The first graph is raw reported number of cases of measles: morbidity. Not all cases are reported, so the numbers here are probably on the low side.
As you can see, the number of cases per year is very spiky and varies a lot year to year. This is characteristic of acute infectious diseases, to my understanding because you only get it once, then you're immune, so enough new babies have to be born to support an epidemic before another epidemic can happen. Apparently measles epidemic frequency is about 2-5 years, and during the period of the early 1950s to the late 1960s it seemed to be on a 2-year oscillation.
The second graph is raw deaths from measles: total mortality. Death certificates generally list a cause of death, so these numbers would be a lot more accurate than the previous set.
This does show cyclical spikiness as well, but it has a downward trend until it flattens out so close to zero it's hard to read on the graph.
However, if you look at the section in the mid-1950s to late 1960s, the mortality rate stops dropping and remains spiky; the ups and downs correspond to the reported cases in the first graph, until 1970 when the morbidity dramatically drops off and the mortality goes very close to zero.
A third graph, no longer raw data from the NHS but a calculation I did in my spreadsheet, smooths those spikes out.
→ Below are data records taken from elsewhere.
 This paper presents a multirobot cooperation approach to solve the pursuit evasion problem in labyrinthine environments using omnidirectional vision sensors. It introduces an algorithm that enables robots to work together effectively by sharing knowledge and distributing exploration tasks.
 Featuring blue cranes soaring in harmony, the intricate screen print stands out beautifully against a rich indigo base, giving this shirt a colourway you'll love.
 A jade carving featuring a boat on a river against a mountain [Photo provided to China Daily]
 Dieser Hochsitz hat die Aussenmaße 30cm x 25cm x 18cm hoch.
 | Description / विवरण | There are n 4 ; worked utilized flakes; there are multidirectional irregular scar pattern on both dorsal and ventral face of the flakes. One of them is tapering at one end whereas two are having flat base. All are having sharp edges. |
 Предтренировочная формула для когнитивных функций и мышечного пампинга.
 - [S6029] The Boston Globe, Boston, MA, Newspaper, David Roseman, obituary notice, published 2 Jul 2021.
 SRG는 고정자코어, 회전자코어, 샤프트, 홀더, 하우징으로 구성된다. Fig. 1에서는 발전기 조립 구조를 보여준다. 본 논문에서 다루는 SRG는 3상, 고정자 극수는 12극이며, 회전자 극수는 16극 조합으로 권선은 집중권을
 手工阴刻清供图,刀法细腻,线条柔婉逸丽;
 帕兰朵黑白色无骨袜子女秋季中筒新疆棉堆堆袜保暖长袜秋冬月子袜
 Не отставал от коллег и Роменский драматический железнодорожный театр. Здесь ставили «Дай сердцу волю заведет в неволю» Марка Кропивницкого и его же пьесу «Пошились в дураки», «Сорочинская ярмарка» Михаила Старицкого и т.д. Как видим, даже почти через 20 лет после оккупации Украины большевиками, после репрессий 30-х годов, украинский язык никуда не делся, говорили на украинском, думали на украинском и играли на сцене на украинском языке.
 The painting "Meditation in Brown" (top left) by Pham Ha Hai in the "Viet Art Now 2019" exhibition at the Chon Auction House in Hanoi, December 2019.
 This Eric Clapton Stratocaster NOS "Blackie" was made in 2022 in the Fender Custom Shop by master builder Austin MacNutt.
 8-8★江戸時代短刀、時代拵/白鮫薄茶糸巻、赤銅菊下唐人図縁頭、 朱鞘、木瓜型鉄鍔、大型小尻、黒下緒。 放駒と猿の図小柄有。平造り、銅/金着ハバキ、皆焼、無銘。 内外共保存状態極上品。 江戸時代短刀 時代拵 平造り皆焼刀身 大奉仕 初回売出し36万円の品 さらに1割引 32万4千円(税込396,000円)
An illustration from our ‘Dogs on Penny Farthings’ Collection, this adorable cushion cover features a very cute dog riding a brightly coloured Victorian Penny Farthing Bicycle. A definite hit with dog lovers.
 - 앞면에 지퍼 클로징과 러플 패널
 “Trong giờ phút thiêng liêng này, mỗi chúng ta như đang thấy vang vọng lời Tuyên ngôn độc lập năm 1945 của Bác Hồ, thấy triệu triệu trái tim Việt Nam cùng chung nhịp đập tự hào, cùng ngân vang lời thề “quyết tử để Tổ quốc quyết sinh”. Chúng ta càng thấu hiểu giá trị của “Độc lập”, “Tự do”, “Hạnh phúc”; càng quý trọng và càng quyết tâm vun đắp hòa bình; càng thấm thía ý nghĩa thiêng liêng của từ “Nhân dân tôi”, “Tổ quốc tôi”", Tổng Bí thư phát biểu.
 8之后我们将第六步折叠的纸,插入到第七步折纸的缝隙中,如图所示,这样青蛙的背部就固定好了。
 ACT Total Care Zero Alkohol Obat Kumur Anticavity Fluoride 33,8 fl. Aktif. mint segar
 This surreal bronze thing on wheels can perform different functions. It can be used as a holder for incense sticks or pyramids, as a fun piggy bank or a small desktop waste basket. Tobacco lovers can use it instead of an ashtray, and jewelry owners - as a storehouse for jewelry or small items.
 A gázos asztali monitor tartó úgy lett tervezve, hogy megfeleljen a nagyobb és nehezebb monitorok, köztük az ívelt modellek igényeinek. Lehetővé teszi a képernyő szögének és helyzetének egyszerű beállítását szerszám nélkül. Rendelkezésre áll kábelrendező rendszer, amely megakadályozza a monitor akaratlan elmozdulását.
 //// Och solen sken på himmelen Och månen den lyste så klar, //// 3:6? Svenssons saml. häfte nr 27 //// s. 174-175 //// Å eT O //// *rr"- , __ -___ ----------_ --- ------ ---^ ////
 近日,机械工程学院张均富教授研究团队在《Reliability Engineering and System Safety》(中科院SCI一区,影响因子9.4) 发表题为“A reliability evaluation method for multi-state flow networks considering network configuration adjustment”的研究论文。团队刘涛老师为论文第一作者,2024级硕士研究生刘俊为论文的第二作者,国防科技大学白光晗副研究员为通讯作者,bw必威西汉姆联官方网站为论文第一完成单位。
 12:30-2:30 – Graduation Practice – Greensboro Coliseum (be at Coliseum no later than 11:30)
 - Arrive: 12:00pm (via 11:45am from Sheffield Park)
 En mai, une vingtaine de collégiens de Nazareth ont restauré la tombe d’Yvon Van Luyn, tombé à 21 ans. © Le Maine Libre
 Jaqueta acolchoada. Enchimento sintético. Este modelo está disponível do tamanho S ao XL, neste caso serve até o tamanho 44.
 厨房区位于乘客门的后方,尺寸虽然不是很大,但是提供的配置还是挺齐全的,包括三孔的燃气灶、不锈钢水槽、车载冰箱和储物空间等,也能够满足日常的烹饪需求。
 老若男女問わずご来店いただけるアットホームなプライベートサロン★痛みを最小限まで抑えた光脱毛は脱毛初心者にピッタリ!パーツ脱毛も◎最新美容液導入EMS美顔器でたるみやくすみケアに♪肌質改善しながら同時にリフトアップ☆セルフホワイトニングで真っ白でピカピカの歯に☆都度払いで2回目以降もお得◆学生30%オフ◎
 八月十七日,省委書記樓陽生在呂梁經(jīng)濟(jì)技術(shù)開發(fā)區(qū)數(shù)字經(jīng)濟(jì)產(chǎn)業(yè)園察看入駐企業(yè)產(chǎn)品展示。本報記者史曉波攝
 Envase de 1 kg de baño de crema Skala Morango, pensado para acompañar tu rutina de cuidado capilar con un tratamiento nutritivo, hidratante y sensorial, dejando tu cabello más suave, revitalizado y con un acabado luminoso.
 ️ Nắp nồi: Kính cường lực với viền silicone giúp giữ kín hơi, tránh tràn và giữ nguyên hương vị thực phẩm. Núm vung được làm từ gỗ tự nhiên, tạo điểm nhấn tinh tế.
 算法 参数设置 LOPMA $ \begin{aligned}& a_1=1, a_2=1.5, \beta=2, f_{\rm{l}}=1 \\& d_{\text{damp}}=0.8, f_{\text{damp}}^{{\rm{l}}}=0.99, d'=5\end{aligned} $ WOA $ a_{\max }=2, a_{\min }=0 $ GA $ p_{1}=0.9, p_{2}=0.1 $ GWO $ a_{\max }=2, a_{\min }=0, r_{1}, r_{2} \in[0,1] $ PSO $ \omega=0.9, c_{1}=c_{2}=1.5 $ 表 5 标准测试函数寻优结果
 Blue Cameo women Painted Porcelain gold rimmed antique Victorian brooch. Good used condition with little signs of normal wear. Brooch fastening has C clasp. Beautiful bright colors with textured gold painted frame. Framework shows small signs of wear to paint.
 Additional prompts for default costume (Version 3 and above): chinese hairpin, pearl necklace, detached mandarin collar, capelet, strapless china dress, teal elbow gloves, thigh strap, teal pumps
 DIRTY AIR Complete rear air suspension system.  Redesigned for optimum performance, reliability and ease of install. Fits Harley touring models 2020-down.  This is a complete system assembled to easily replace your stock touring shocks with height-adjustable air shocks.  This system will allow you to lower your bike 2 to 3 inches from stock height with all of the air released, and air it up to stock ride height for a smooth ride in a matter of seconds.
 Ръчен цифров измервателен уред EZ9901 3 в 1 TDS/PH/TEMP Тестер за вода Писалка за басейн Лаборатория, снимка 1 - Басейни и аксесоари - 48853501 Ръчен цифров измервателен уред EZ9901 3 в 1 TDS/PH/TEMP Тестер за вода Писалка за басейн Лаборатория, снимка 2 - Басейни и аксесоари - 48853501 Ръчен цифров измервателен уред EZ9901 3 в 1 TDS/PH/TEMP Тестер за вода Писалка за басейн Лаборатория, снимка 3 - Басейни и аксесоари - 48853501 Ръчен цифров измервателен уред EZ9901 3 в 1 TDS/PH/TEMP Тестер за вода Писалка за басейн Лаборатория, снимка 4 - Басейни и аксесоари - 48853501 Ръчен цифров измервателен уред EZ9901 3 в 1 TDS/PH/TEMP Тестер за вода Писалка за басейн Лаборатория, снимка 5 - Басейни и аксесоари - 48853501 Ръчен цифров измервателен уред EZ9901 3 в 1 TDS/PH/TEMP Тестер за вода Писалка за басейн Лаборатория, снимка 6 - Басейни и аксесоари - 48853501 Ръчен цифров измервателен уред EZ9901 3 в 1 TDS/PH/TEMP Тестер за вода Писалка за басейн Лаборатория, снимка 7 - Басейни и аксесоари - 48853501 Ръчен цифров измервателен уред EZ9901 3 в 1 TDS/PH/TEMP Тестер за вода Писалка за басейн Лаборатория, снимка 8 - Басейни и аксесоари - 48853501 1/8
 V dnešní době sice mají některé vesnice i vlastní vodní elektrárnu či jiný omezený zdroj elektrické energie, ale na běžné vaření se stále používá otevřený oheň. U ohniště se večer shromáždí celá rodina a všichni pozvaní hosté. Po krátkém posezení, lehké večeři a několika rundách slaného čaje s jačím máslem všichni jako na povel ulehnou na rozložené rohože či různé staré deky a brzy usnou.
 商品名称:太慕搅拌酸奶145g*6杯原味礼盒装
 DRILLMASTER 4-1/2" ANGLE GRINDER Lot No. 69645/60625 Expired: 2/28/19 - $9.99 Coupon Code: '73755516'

What I'm doing here is about the simplest form of statistical analysis there is: normalization. Very simply, I divided the number of deaths by the number of cases, to display the number of deaths per 100,000 cases of measles, or case mortality. The data is still a little spiky prior to 1950, then shows a remarkably smooth decrease to a stable value between about 20 and 30 deaths per 100,000 cases. This case mortality stays stable right through the drop in morbidity in the 1970s. It goes a little crazy after 1990; I'll discuss that in a bit.
What these graphs tell me is that there was something that affected case mortality until about 1960 (graph 3) and something different that affected morbidity after 1970 (graph 1), and the two effects together caused the overall long term effect on total mortality (graph 2).
Which is to say, we got better a treating measles and making sure people didn't die from it as often, reducing case mortality, and then later we got a vaccine which reduced the morbidity.
As you can see, there is a jump in vaccine uptake in the 1970s, followed by a steady climb through the 1980s, until there is near-universal vaccine coverage in the 1990s. If you scroll back up to the first graph, you'll see that right around 1990, the morbidity drops so close to the zero axis that it's hard to read.
And now for my explanation of the craziness in the case mortality graph after 1990: because I'm suddenly now dividing by a very small number, much smaller than the "per 100,000 cases" that forms the basis of that graph, the difference between one death and three can cause a spike in the case morbidity rate all out of proportion to the actual number of deaths. This is just an artifact of dividing by small numbers.